Dust of Dreams

Home > Other > Dust of Dreams > Page 88
Dust of Dreams Page 88

by Erikson, Steven


  ‘You do not believe that.’

  ‘I was but reminding you of the danger he presents to us. How long was he trapped within Dragnipur? What did that do to him? To his mind? Is he even sane any more? One other thing, and think on this carefully, Kilmandaros. Would Rake have willingly freed a mad Draconus? Has he ever shown a thoughtless side to his decisions? Ever?’

  Her eyes narrowed. ‘He had a purpose.’

  Mael’s smile was wry. ‘Even though he is dead, we find ourselves holding to faith in him. Extraordinary, isn’t it?’

  ‘Mother Dark—’

  ‘No longer faces away, and as with Darkness, so too it is with—’

  ‘Light. Gods below, Mael. What has he forced upon us?’

  ‘A final accounting, I’d wager. An end to the stupid games. He might as well have locked us all in one room—and no one leaves until we settle things once and for all.’

  ‘Bastard!’

  ‘Your grief was rather shortlived, Kilmandaros.’

  ‘Because what you say rings true—yes! Rake would think that way, wouldn’t he?’

  ‘Else he could not permit his own death—his removal from the stage. More than just ending Mother Dark’s obstreperous pique, he now forces our hands—we are all stirred awake, Elders and children both, mortal and immortal.’

  ‘To what end?’ she demanded. ‘More blood? A damned ocean’s worth?’

  ‘Not if there’s a way around it,’ Mael replied. ‘To what end, you ask. This, I think: he wants us to deal with the Crippled God.’

  ‘That pathetic creature? You cannot be serious, Mael.’

  ‘The wound ever festers, the poison spreads. That alien god’s power is anathema. We need to fix it—before we seek anything else. Before we lose K’rul’s gift for ever.’

  ‘Errastas had other ideas.’

  ‘So do you and Setch. So does Olar Ethil. And Ardata.’

  ‘And Draconus too, I would think.’

  ‘We cannot know if Anomander Rake and Draconus spoke—was a bargain reached between them within Dragnipur? “I will free you, Draconus, if …”’

  ‘They could not have spoken,’ said Kilmandaros. ‘For Rake was killed by Vengeance. You said so yourself.’

  Mael walked over to sit down on one of the blocks of the altar stone. ‘Ah, well. There is more to say on that. Among other things. Tell me, Kilmandaros, what Hold did Errastas choose?’

  She blinked. ‘Why, the obvious one. Death.’

  ‘Then I will begin with this curious detail—for I wish to know your thoughts on the, uh, implications.’ He looked up and something glinted in his eyes. ‘Before Rake met Dessembrae, he met Hood. Met him, and killed him. With Dragnipur.’

  She stared.

  Mael continued: ‘Two gods were in attendance, that I know of.’

  ‘Who?’ the word came out in a dry rasp.

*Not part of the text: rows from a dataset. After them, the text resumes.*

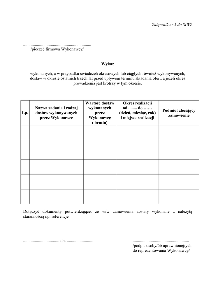 Załącznik nr 5 do SIWZ ................................................................ /pieczęć firmowa Wykonawcy/ Wykaz wykonanych, a w przypadku świadczeń okresowych lub ciągłych również wykonywanych, dostaw w okresie ostatnich trzech lat przed upływem terminu składania ofert, a jeżeli okres prowadzenia jest krótszy w tym okresie. Lp. Nazwa zadania i rodzaj dostaw wykonywanych przez Wykonawcę Wartość dostaw wykonanych przez Wykonawcę ( brutto) Okres realizacji od ........ do …… (dzień, miesiąc, rok) i miejsce realizacji Podmiot zlecający zamówienie Dołączyć dokumenty potwierdzające, że w/w zamówienia zostały wykonane z należytą starannością np. referencje .................................. dn. ......................... ..................................................... /podpis osoby/ób uprawnionej/ych do reprezentowania Wykonawcy/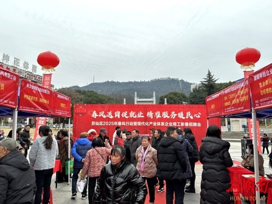 新湖南客户端2月11日讯(通讯员 张文杰 神丽华)人勤春来早,开年即“开跑”。春节后是人才流动高峰期,也是企业开工复产关键时期。2月10日,农历正月十三,由苏仙区人社局主办的“春风送岗促就业 精准服务暖民心”——2025年春风行动暨现代化产业体系企业用工新春招聘会在苏仙福地广场盛大举行。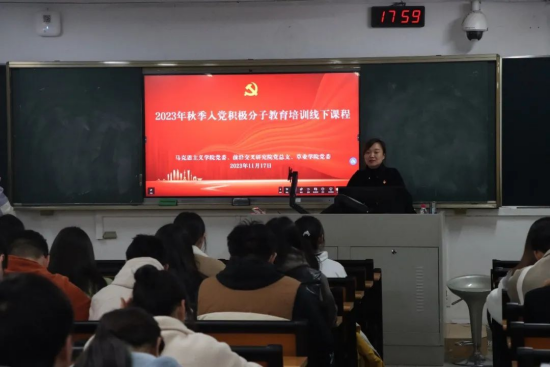 2023年11月17日下午,三院联合开展的“新农人的使命”党建班主题培训在教学楼A206举办,本次课程由马克思主义学院党委、青娱乐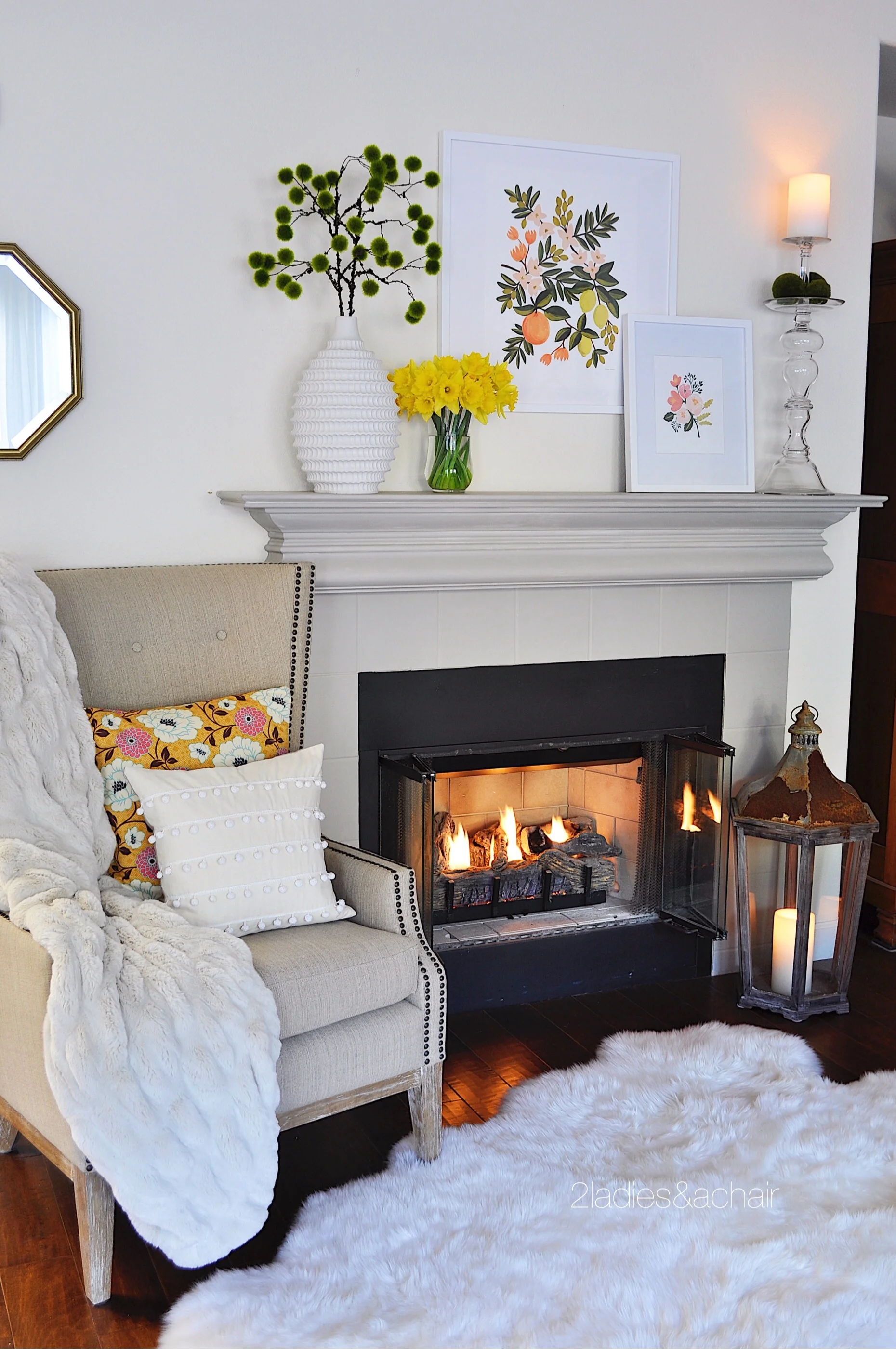 Daffodils scream spring! The mantel is fun and colorful this spring! The bold print is tamed with an interesting use of greenery, clear glass, and white. I love the added texture from this vase from HomeGoods.

  ‘Shadowthrone and Cotillion.’

  Oh, how she wished for a tall, imposing standing stone—within her reach—a proud pinnacle of conceit—just there, at the very end of her fist as it swung out its path of ferocious destruction.

  ‘Them!’

  Mael watched her flail and stamp about, watched as she descended on one toppled menhir after another, pounding each one into rubble. He scratched at the bristles on his chin.

  Oh, you are indeed clever, Kilmandaros. It all falls home, doesn’t it?

  It all falls home.

  He’d wanted her to consider the implications. So much for being subtle.

  Suffering could be borne. When the blood was pure, purged of injustices. Brayderal was not like the others, not the same as Rutt, or pernicious Badalle with Saddic ever at her side. She alone possessed the legacy of the Inquisitors, shining bright beneath her almost translucent skin. And among all the others, only Badalle suspected the truth. I am a child of the Quitters. I am here to complete their work.

  She had finally seen her kin on their trail, and now wondered why they did not simply stride into the midst of the Chal Managal, to take up the last of these pathetic lives.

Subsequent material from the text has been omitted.